Войне предшествовало устранение правительства видного казанского политика князя Кель-Ахмеда, стоявшего во главе русской партии и в течение многих лет руководившего казанским правительством. Кель-Ахмет был организатором свержения Мухаммед-Амина в 1495 году, а в 1502 году он организовал новый переворот, свергнув с престола его брата и вернув Мухаммед-Амина. Этот человек, возглавлявший правительство при нескольких ханах и сменявший их, видимо представлял для ханской власти существенную опасность. Мухаммед-Эмин сумел устранить Кель-Ахмеда от власти, он был арестован, осужден и казнен, а может быть и просто убит. Правительство Кель-Ахмеда, бессменно стоявшее у власти в течение 8 лет, пало. В некоторых первичных источниках отмечается влияние на хана антирусских настроений его жены Каракуш, дочери ногайского бия Ямгурчи, которая до этого была женой его сводного брата Алихана, была захвачена русскими при перевороте, впервые приведшем к власти Мухаммед-Амина и вместе с Алиханом находилась в ссылке в Вологде до его смерти, но достоверность этих сведений сомнительна.

Начало войны

Война началась в последние месяцы жизни Ивана III, с вероломного захвата прибывшего в Казань московского посла Михаила Еропкина Кляпика и нападения на русских купцов в Казани, имущество которых было разграблено, а сами они были частично убиты, частично захвачены для продажи за выкуп или в рабство. Произошло это 24 июня 1505 года в день открытия большой ярмарки, когда в Казани было особенно много русских купцов. После этого татарское войско двинулось на Нижний Новгород, и осадило его в сентябре 1505 г. Войско насчитывало 60 тысяч человек, из которых 40 тыс. — казанцев, 20 тыс. — ногайцев, во главе с сыном ногайского бия Ямгурчи, братом ханши Каракуш.

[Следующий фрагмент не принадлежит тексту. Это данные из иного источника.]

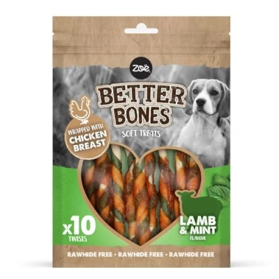 Zoë Better Bones Rawhide-free soft dog treats in a resealable pouch. These chicken-wrapped twists are perfect for training, rewards or just a treat for your adult dog or puppy. Safe for your dog or puppy to chew, Better Bones help maintain your dog's teeth and gums. Better dental hygiene means a healthier, happier dog. Better Bones dog training treats are suitable for small, medium and large dogs and puppies of all ages. Intended for intermittant feeding, these dog bones, with no added salt, are easy to digest. Feed 1 or 2 per day as a reward or dog training treat. Soft treats to help satisfy your dog's natural chewing instinct. Always feed your dog under supervision and provide fresh water daily.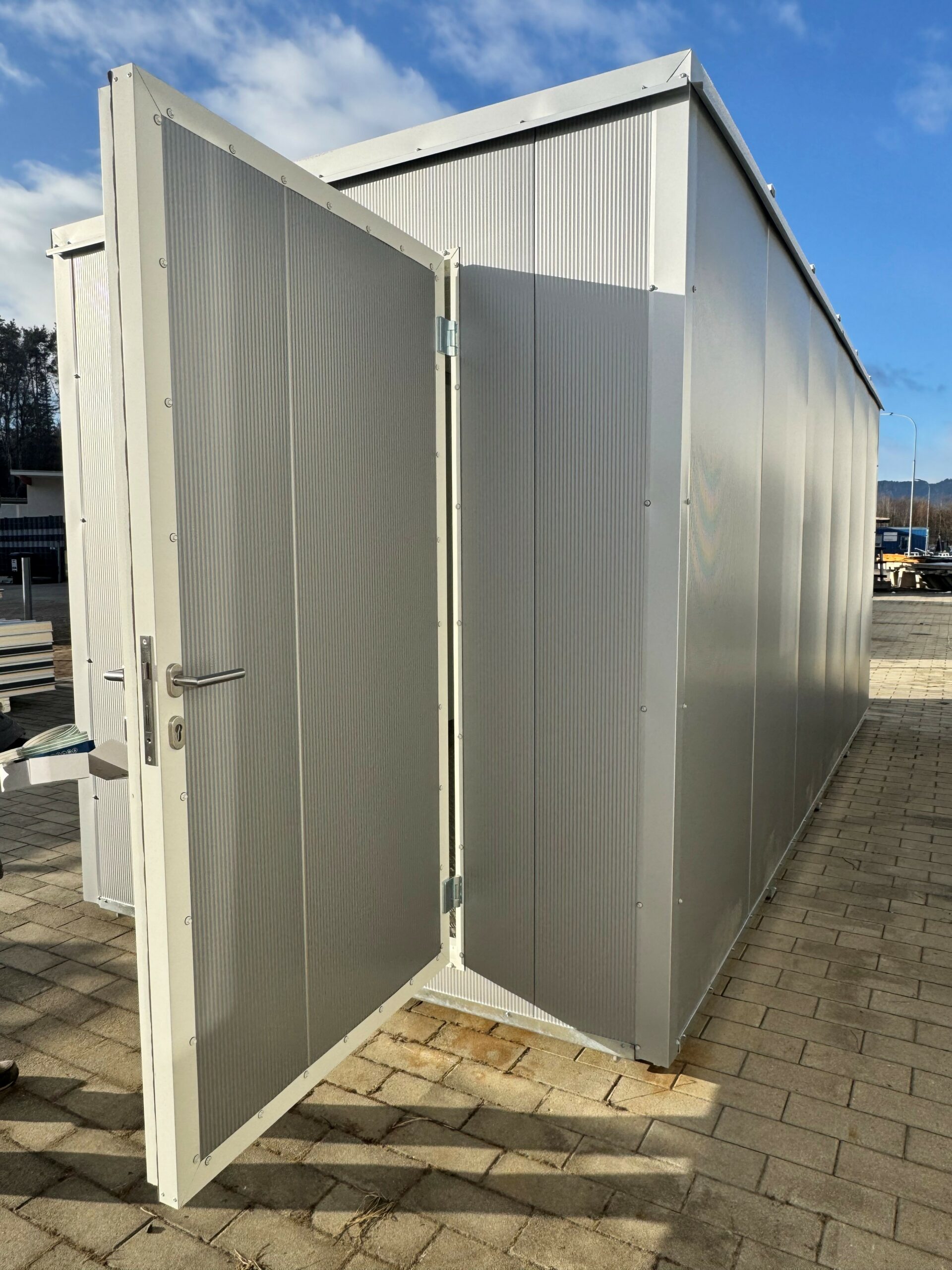 Standardmäßig werden Türen aus HDD-Sandwichpaneelen verbaut. Diese bieten eine einheitliche Optik und gleichbleibende Dämmwerte – ideal für BürocontainerGartenhäuserSchrebergartenhäuser und mobile Verkaufsräume.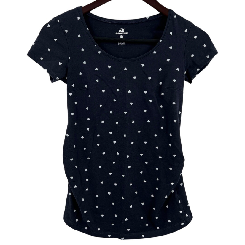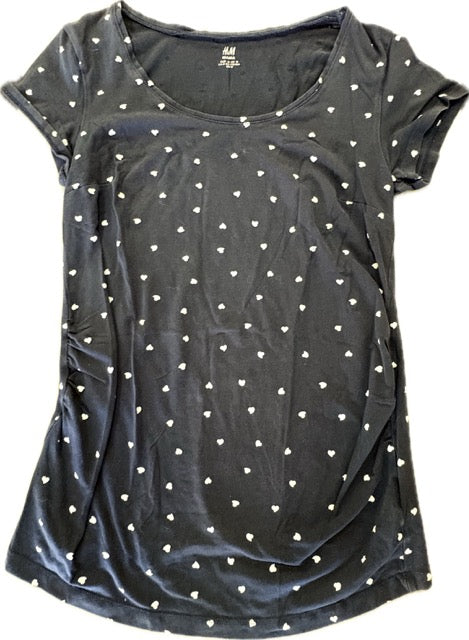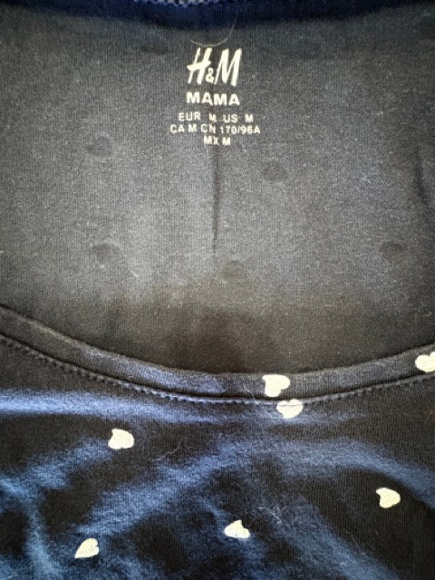H&M, Mama Navy Heart Print Tee in Navy, EUC, Maternity Size M
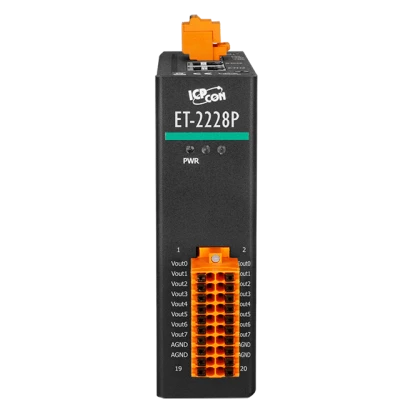 Ethernet I/O Module, 2x10/100Base-TX, 8-channel differential analog outputs 0..5V/0..20mA/4..20mA, 10..48VDC, Operating Temperature -25..75C

Нижний Новгород был хорошо укреплённой и оснащенной огнестрельным оружием крепостью, но её защищал незначительный гарнизон под командованием опытного воеводы Ивана Васильевича Хабар-Симского (Образцов-Симский-Хабар). Тот, имея достаточные запасы оружия, но, не имея людей, вооружил находившихся в городе литовских пленных, взятых в плен в Ведрошской битве, которые по большей части были русскими и ожидали освобождения в связи с готовящимся миром. Естественно, захват города татарами угрожал им если не гибелью, то продажей в рабство, поэтому они охотно приняли участие в обороне. В результате нападения или татарами, или самими жителями были сожжены посады, но штурмовать стены города татары не стали, ружейным огнём из Кремля был убит ногайский князь, и с получением известия о приближении русских войск они отступили в Казань.

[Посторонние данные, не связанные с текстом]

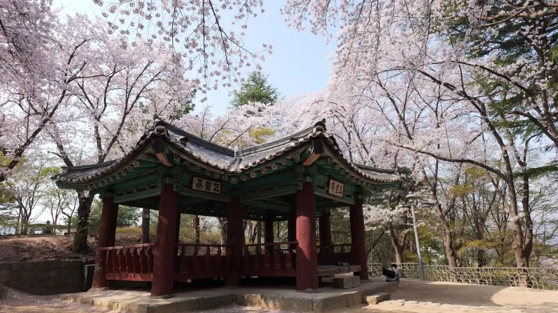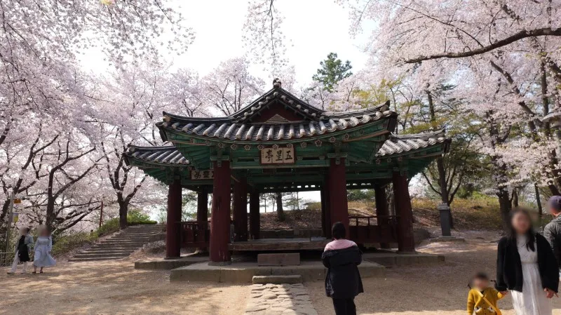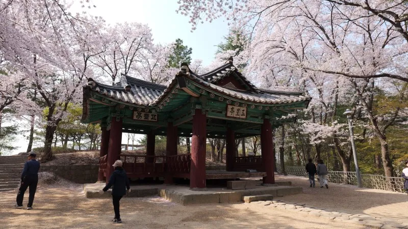 남산근린공원에서 벚꽃을 보며 천천히 산책하다가 나온 계단을 따라 올라가니 자그마한 정자가 하나 나왔는데요, 이 정자의 이름은 오성정이라고 하는데, 조선 인조 5년에 처음 지어졌으며 유형문화재로 지정되기도 한 정자입니다.
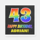 Den här roliga, färgstarka och pappra napkin-designen på roligten har ett stort nummer "43" och meddelandet "GRATTIS PÅ FÖDELSEDAGEN,", båda färgader med en regnbågsspektrumövertoning som inspirerade mönster, tillsammans med en fet gult anpassade-mottagare namn. Bakgrunden är svart på färgad. Roligt, skräddarsydda pappra blöjor som denna kan användas vid en party som hålls för att fira någons fyrtiotredje födelsedag. [~Z0000476]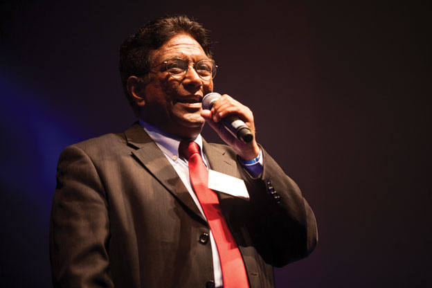 (Above): Sankara Eye Foundation’s executive chairman Murali Krishnamurthy talks to the audience at San Jose Event Center, April 7. [Photo: Shashi Desai | DreamSnaps Photography]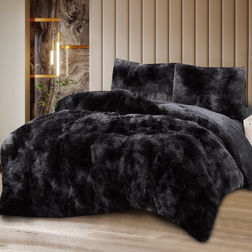 Lenjerie Cocolino Fluffy Super Pufoasă, Set 4 Piese, Pat Dublu, Cearșaf cu elastic – Căldură și Confort Premium, Ideală pentru Nopți Friguroase, Negru degrade, cod produs: ELN-FL08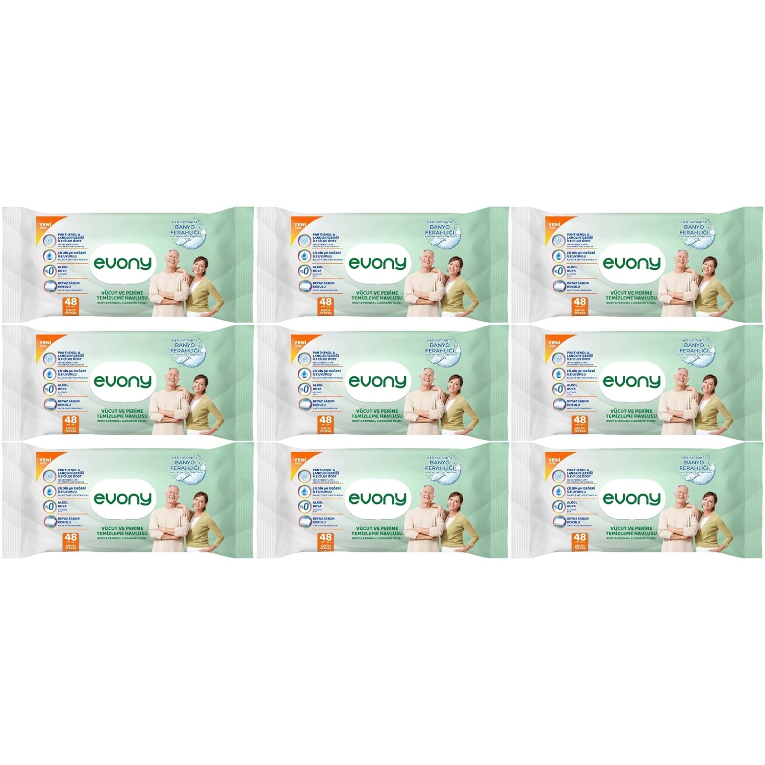 Evony Hasta Vücut Perine Temizleme Islak Mendil Havlu 48 Yaprak XL Banyo Ferahlığı (9 Lu Set)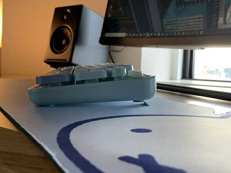 ▼厚みは35mmほど。キーの押し込み幅が深い分、一般的なキーボードよりは若干厚めだ。

Русское правительство мобилизовало 100-тысячную армию под командованием Василия Холмского, Сатылгана, Джаная, но в войсках произошли беспорядки, и армия не двинулась далее Мурома. Бездействие муромской армии в 1505 году — один из недостаточно освещённых моментов этой войны.

Казанский поход 1506 года

Весной 1506 г. Василий III, принявший правление осенью 1505 года, сразу начал подготовку большого похода на Казань с целью подчинения Казанского ханства. Общее командование войском было поручено брату Василия, Дмитрию Ивановичу. Конечно, при сыне великого князя были опытные воеводы, но и он, как главнокомандующий, играл важную роль. Это была вторая попытка поручить ему руководство крупной военной компанией. До этого Иван III поручал сыну возглавить поход на Смоленск в 1502 году. Поход на Смоленск под его руководством не принёс ожидаемой победы, хотя и не был полностью провальным, Казанский же закончился крупной неудачей русского войска, и после этого Дмитрию командование не поручалось.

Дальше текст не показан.